The problem with this approach is: dead terrorists cannot tell you their plans for new attacks. When we kill high-value terrorists instead of taking them in alive, we vaporize all the intelligence they possess—invaluable information we cannot get anywhere else about al Qaeda’s operations, recruits, safe houses, communications, and plans for new attacks. We need this intelligence to save lives.
The Obama administration inherited a treasure trove intelligence that had been gathered by the Bush administration from KSM and other CIA detainees. That information was critical to the administration’s greatest counterterrorism success: the operation that killed Osama bin Laden.

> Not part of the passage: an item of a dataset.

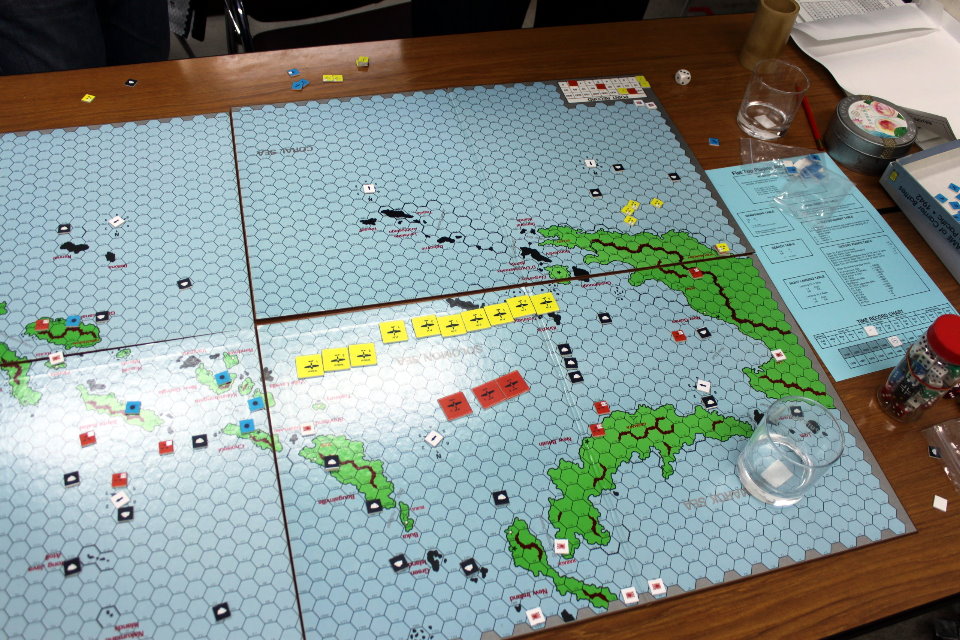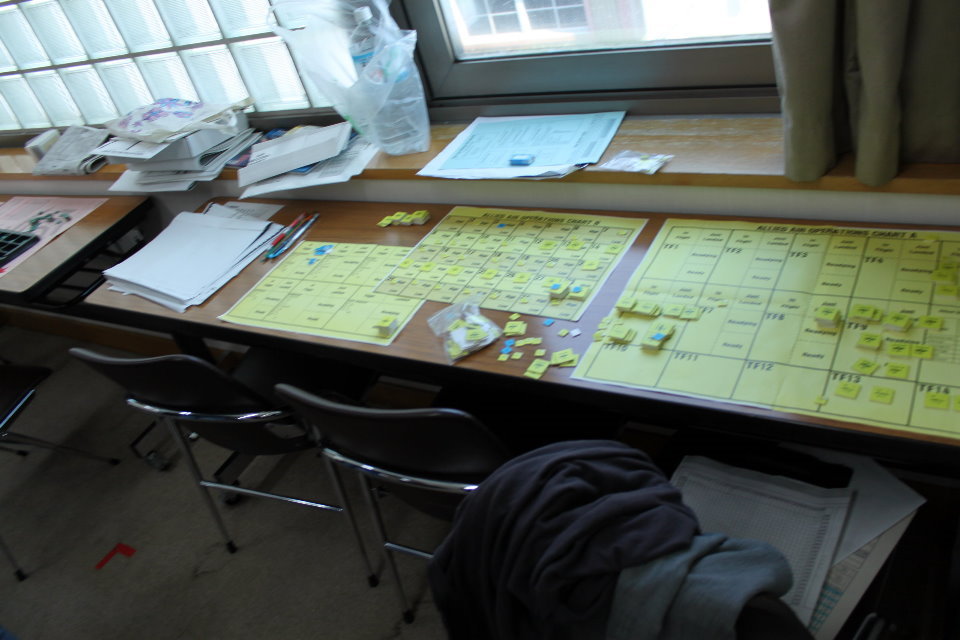 写真左がマップと、チャートの配置図。中央にマップを置き、その右側のテーブル&教壇に日本軍の艦隊・航空機のチャート類を置き、左側のテーブル&教壇に連合軍の艦隊・航空機のチャート類を置いていた。写真の中央と右は、両軍のチャート類。

But with each passing year, that intelligence becomes increasingly dated. New leaders rise through the ranks. New terrorists operatives are recruited. New plots are conceived. New methods are developed to communicate, move money, recruit operatives, and carry out attacks. And new networks—like al Qaeda in the Arabian Peninsula and al-Shabab—emerge about which we know little. We are no longer replenishing the information we have about al Qaeda’s inner workings because we are no longer capturing and detaining the terrorist leaders who could refresh our knowledge about al Qaeda’s operations—which means the next administration will not enjoy the same intelligence inheritance its predecessor did.
Worse, the head of U.S. Special Operations command recently told Congress that because the Obama administration has no clear plan for handling suspected terrorist leaders if they are caught alive outside a war zone, it is U.S. policy that if such a captured terrorist cannot be tried in a U.S. court or transferred to the custody of an allied country, the prisoner is ultimately “let go.” In other words, America has a policy of terrorist catch and release.

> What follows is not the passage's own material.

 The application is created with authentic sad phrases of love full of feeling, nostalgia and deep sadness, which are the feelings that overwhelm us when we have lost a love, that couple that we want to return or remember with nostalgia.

This is unacceptable. The next administration should take several immediate steps to rectify this situation:
1. Resume capturing high-value terrorists alive whenever possible, instead of the current default of killing them with unmanned drones.
2. Decide on a terrorist detention policy. Such a policy might include re-establishing secret prisons outside the United States. And it should include bringing captured terrorists to Guantanamo Bay again. Guantanamo has a state of the art CIA detention facility, which already houses KSM and other high-value detainees. This facility could easily accommodate fresh captures. The next president should restore Gitmo to its original purpose: as a strategic interrogation center.
3. Put interrogation back in the CIA’s hands, and give interrogators the tools that they need to effectively question terrorists—tools beyond those currently in the Army Field Manual on interrogation.
4. Keep those techniques secret. The key to the effectiveness of a revitalized terrorist interrogation program is making sure the terrorists do not know the limits of the techniques they will face.
The enemy we face today does not mass armies on borders or flotillas on the high seas. Terrorist conspire in secret, hide among civilians, and then emerge suddenly to attack us from within. Their plans to kill innocent men, women, and children are known only to a handful of evil men. And our ability to find out what is in the minds of these individuals could mean the difference between stopping the next attack and seeing bodies scattered in the streets—as we did on September 11, 2001.